- [Task instructions]: In the data below, count every line that holds the string "applied" and reply with the number alone.

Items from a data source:

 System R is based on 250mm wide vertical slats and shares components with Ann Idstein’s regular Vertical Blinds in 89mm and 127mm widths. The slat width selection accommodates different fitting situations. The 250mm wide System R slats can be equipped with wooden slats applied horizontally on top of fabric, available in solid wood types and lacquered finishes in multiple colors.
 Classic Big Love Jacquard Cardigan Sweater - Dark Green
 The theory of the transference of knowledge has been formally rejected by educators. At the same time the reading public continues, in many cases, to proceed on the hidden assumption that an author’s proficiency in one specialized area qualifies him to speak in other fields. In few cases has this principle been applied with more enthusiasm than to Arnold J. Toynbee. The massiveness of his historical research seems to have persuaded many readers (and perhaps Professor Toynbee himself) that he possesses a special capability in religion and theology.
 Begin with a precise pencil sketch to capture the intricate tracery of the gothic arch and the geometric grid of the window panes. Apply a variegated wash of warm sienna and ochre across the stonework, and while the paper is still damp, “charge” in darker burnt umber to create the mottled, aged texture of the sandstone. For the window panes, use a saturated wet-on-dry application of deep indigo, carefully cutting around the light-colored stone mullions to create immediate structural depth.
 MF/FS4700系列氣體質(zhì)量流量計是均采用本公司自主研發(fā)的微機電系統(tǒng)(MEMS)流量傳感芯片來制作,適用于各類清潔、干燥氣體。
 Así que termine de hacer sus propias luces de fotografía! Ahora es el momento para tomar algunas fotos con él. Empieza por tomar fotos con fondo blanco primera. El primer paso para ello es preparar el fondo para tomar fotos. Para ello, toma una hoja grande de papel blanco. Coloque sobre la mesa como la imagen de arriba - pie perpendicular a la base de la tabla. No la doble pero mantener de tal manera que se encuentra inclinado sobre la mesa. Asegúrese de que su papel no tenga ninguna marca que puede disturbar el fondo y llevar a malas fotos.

- [Result]: 2